SUPPLIED INFORMATION
>>>
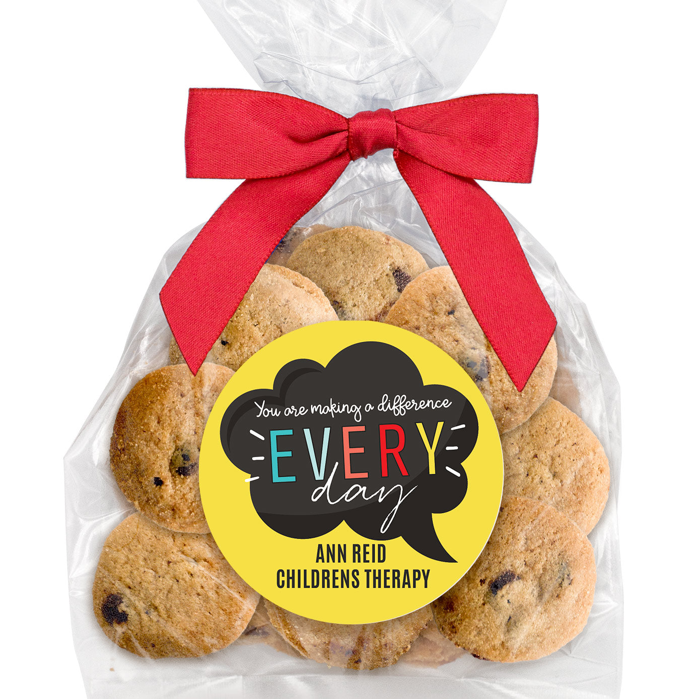 You make a difference every day - Bite-Sized Chocolate Chip Cookies (3 oz., approx. 21 cookies) W/ Full Color Custom Sticker & Bow Choice
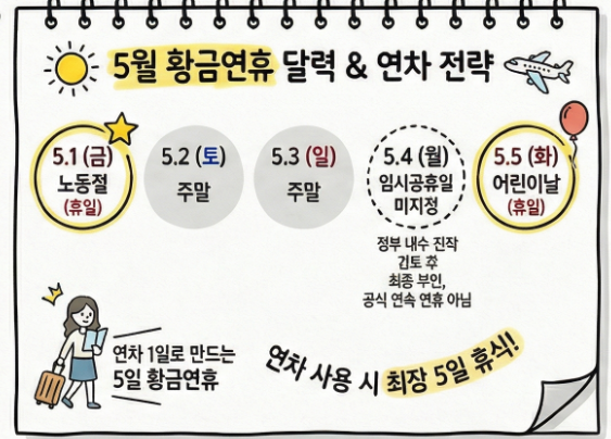 입법조사처의 분석에 따르면, 임시공휴일의 내수 진작 효과는 제한적인 반면 조업일수 감소로 인한 수출 타격(전년 대비 10.2% 감소 등)이 발생할 우려가 있기 때문입니다. 따라서 5월 4일은 평일로 유지되며, 5일의 황금연휴를 누리기 위해서는 개인 연차를 활용해야 합니다.
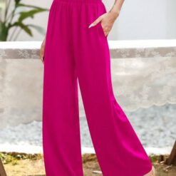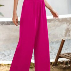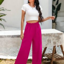 Pantalones casuales sueltos de mujer de unicolor con dobladillo con volantes – Rosa Fucsia
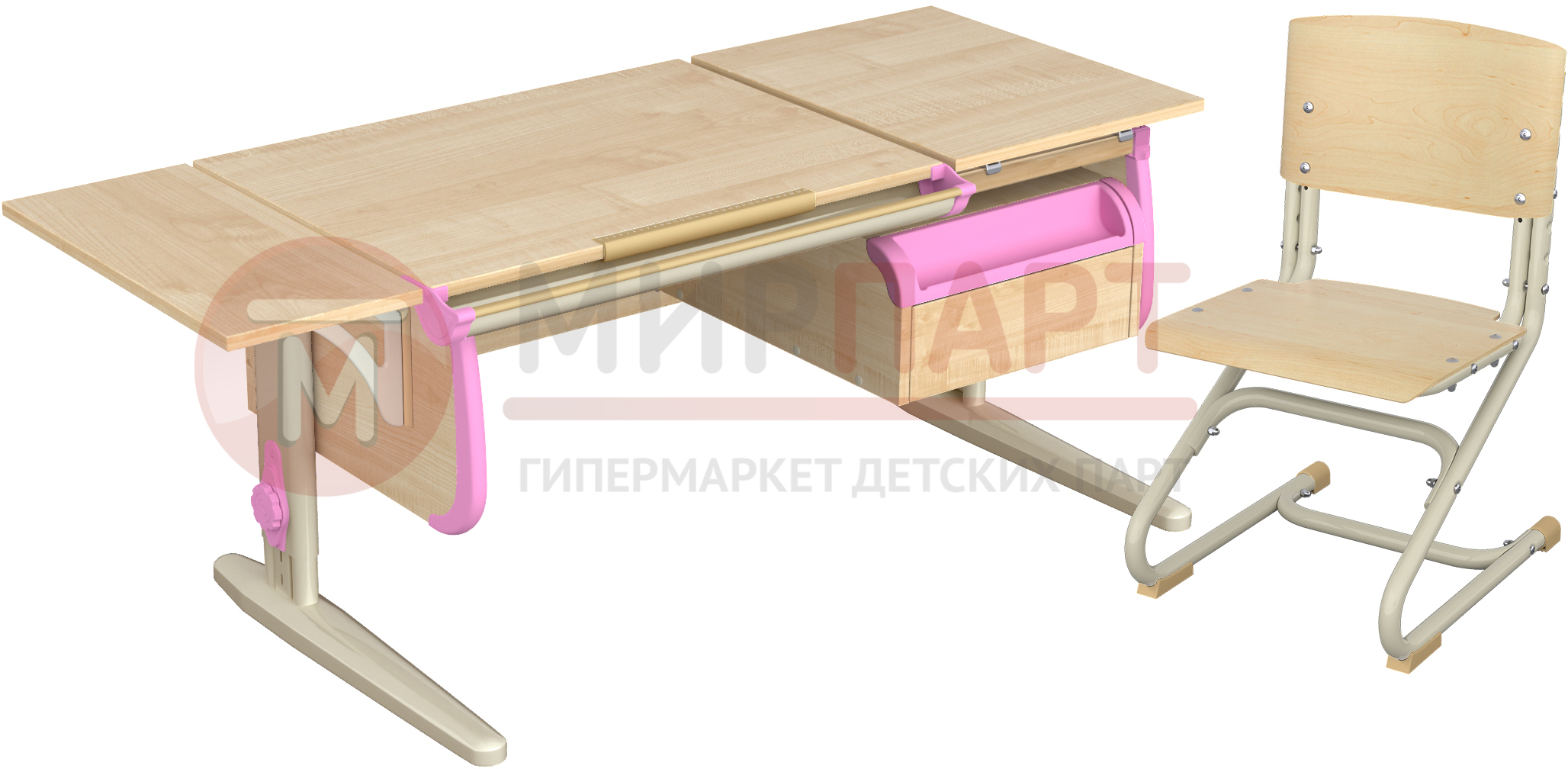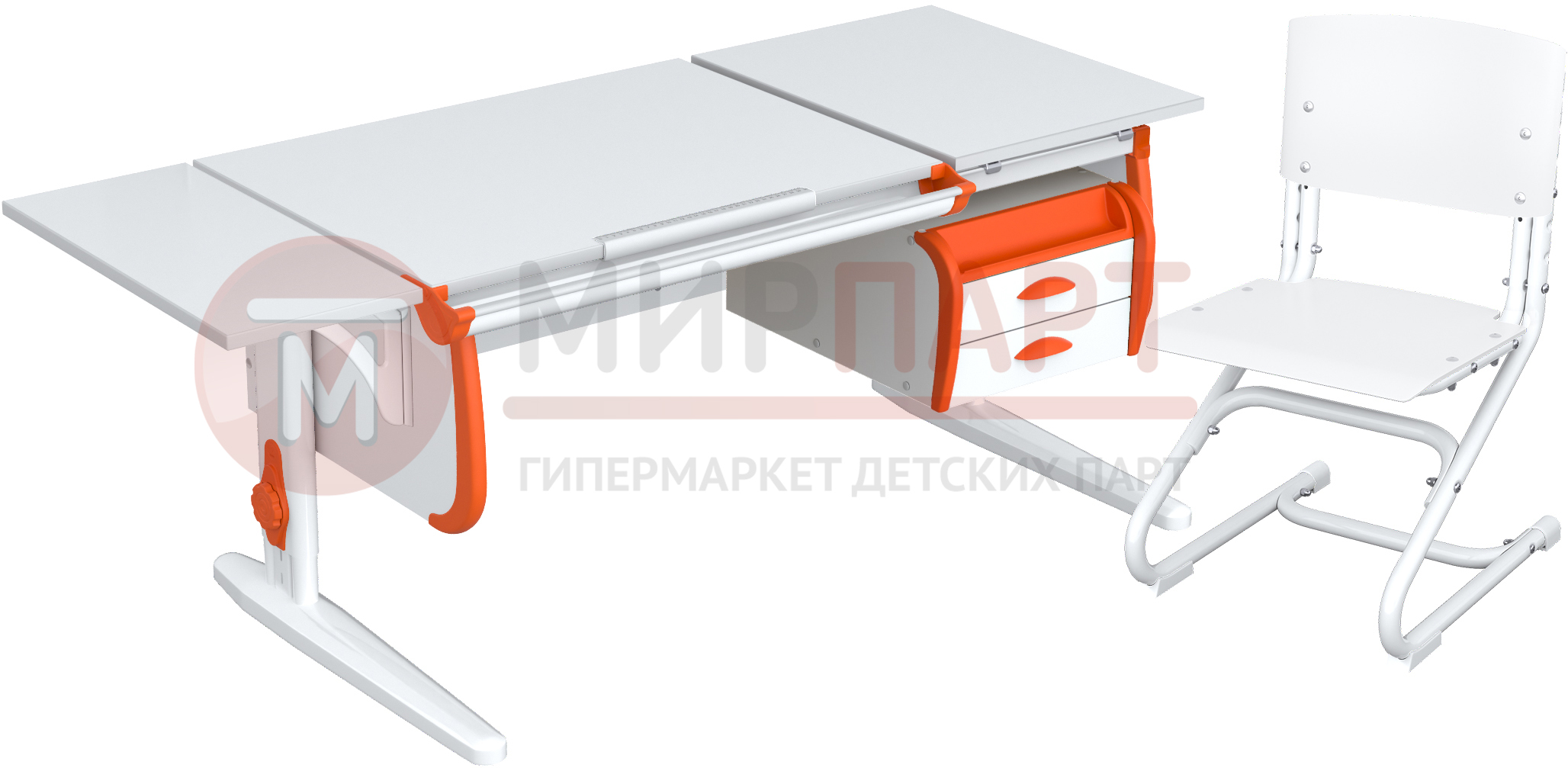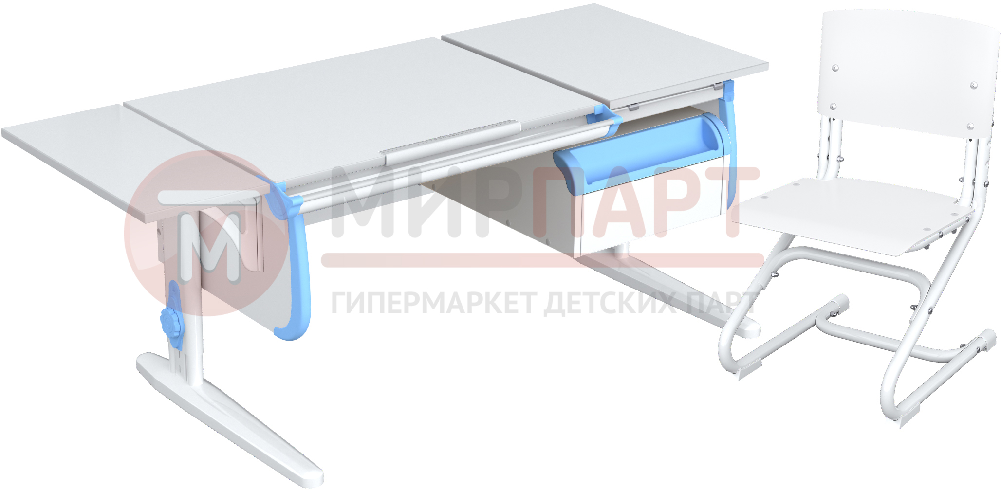 Парта 120 см с раздельной столешницей + тумба + короткая боковая приставка 55 см
<<<
REQUIREMENT
Transcribe the listing verbatim, pictures excluded.

EXERCISE RESULT
 You make a difference every day - Bite-Sized Chocolate Chip Cookies (3 oz., approx. 21 cookies) W/ Full Color Custom Sticker & Bow Choice
 입법조사처의 분석에 따르면, 임시공휴일의 내수 진작 효과는 제한적인 반면 조업일수 감소로 인한 수출 타격(전년 대비 10.2% 감소 등)이 발생할 우려가 있기 때문입니다. 따라서 5월 4일은 평일로 유지되며, 5일의 황금연휴를 누리기 위해서는 개인 연차를 활용해야 합니다.
 Pantalones casuales sueltos de mujer de unicolor con dobladillo con volantes – Rosa Fucsia
 Парта 120 см с раздельной столешницей + тумба + короткая боковая приставка 55 см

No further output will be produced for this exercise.